[Collection entries]

▬▬▬

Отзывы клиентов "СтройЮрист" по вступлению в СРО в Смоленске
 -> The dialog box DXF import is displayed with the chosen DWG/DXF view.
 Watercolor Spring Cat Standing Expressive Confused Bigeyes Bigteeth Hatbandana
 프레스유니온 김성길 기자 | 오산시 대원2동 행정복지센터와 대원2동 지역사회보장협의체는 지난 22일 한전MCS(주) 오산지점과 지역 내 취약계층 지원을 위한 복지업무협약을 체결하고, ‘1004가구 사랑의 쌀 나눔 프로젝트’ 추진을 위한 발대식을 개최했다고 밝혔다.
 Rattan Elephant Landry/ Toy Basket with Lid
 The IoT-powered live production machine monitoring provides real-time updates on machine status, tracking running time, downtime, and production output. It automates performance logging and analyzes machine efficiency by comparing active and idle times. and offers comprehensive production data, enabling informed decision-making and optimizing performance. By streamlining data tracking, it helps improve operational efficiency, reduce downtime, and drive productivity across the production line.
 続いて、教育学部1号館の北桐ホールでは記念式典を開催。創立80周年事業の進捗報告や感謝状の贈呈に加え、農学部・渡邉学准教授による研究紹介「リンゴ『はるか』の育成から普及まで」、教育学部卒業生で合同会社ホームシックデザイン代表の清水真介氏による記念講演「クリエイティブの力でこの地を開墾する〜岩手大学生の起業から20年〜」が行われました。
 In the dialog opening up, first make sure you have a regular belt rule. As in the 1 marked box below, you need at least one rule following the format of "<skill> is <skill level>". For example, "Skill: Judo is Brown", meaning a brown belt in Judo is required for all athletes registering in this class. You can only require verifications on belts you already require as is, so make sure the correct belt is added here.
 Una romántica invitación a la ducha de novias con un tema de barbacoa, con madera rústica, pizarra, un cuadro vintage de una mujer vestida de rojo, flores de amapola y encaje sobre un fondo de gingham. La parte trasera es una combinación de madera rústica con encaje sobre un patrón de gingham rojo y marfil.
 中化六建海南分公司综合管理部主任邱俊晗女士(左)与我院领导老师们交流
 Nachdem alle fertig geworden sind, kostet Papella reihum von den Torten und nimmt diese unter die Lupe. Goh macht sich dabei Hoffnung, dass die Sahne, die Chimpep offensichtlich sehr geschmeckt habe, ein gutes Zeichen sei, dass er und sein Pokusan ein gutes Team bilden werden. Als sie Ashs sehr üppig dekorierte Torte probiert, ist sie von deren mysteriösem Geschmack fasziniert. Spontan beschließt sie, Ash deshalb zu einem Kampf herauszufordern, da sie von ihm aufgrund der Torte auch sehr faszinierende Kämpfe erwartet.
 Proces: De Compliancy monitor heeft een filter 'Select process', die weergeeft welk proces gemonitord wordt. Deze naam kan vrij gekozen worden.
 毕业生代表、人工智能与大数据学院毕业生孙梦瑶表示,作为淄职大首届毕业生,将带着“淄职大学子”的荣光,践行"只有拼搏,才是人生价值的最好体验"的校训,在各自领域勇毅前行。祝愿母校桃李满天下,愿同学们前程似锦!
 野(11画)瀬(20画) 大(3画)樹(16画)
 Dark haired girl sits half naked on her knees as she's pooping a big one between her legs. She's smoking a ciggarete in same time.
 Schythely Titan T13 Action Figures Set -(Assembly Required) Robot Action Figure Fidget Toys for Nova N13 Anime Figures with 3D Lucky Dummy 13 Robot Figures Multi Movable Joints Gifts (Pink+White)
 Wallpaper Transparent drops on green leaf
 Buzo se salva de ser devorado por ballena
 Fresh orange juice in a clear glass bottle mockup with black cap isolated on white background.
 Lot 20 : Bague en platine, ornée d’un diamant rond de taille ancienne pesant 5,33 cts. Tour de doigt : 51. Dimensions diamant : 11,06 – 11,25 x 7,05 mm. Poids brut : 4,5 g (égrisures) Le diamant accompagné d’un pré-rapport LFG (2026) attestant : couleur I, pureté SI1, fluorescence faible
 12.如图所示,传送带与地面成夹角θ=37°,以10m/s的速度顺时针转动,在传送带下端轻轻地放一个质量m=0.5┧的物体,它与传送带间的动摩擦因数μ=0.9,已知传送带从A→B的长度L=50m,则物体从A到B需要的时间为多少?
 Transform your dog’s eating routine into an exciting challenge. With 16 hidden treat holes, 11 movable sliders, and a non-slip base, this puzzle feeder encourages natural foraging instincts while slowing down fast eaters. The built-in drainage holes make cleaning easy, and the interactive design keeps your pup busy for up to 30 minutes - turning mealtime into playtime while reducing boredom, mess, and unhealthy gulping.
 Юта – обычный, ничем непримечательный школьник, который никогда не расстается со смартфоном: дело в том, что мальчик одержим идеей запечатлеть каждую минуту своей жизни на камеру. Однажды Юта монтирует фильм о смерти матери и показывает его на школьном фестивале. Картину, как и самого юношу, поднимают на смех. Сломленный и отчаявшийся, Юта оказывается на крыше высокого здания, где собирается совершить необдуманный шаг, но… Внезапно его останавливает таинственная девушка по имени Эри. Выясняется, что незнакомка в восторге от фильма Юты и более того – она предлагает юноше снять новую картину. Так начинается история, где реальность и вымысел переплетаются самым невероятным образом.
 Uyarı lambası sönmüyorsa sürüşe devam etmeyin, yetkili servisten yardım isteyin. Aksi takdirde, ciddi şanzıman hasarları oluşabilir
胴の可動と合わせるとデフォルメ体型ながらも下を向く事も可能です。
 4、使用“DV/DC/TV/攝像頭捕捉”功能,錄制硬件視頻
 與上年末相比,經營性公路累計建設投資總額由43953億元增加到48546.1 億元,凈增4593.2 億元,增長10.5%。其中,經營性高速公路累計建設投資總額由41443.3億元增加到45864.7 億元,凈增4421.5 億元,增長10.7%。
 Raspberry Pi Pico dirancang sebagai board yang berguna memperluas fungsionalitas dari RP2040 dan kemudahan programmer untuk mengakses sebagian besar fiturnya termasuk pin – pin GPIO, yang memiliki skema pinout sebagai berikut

▬▬▬

▸ **What to work on**
Only output the lines from the one with "12.如图所示,传送带与地面" through the end of the entries above, exactly as they are.

▸ **Result for this task**
 12.如图所示,传送带与地面成夹角θ=37°,以10m/s的速度顺时针转动,在传送带下端轻轻地放一个质量m=0.5┧的物体,它与传送带间的动摩擦因数μ=0.9,已知传送带从A→B的长度L=50m,则物体从A到B需要的时间为多少?
 Transform your dog’s eating routine into an exciting challenge. With 16 hidden treat holes, 11 movable sliders, and a non-slip base, this puzzle feeder encourages natural foraging instincts while slowing down fast eaters. The built-in drainage holes make cleaning easy, and the interactive design keeps your pup busy for up to 30 minutes - turning mealtime into playtime while reducing boredom, mess, and unhealthy gulping.
 Юта – обычный, ничем непримечательный школьник, который никогда не расстается со смартфоном: дело в том, что мальчик одержим идеей запечатлеть каждую минуту своей жизни на камеру. Однажды Юта монтирует фильм о смерти матери и показывает его на школьном фестивале. Картину, как и самого юношу, поднимают на смех. Сломленный и отчаявшийся, Юта оказывается на крыше высокого здания, где собирается совершить необдуманный шаг, но… Внезапно его останавливает таинственная девушка по имени Эри. Выясняется, что незнакомка в восторге от фильма Юты и более того – она предлагает юноше снять новую картину. Так начинается история, где реальность и вымысел переплетаются самым невероятным образом.
 Uyarı lambası sönmüyorsa sürüşe devam etmeyin, yetkili servisten yardım isteyin. Aksi takdirde, ciddi şanzıman hasarları oluşabilir
胴の可動と合わせるとデフォルメ体型ながらも下を向く事も可能です。
 4、使用“DV/DC/TV/攝像頭捕捉”功能,錄制硬件視頻
 與上年末相比,經營性公路累計建設投資總額由43953億元增加到48546.1 億元,凈增4593.2 億元,增長10.5%。其中,經營性高速公路累計建設投資總額由41443.3億元增加到45864.7 億元,凈增4421.5 億元,增長10.7%。
 Raspberry Pi Pico dirancang sebagai board yang berguna memperluas fungsionalitas dari RP2040 dan kemudahan programmer untuk mengakses sebagian besar fiturnya termasuk pin – pin GPIO, yang memiliki skema pinout sebagai berikut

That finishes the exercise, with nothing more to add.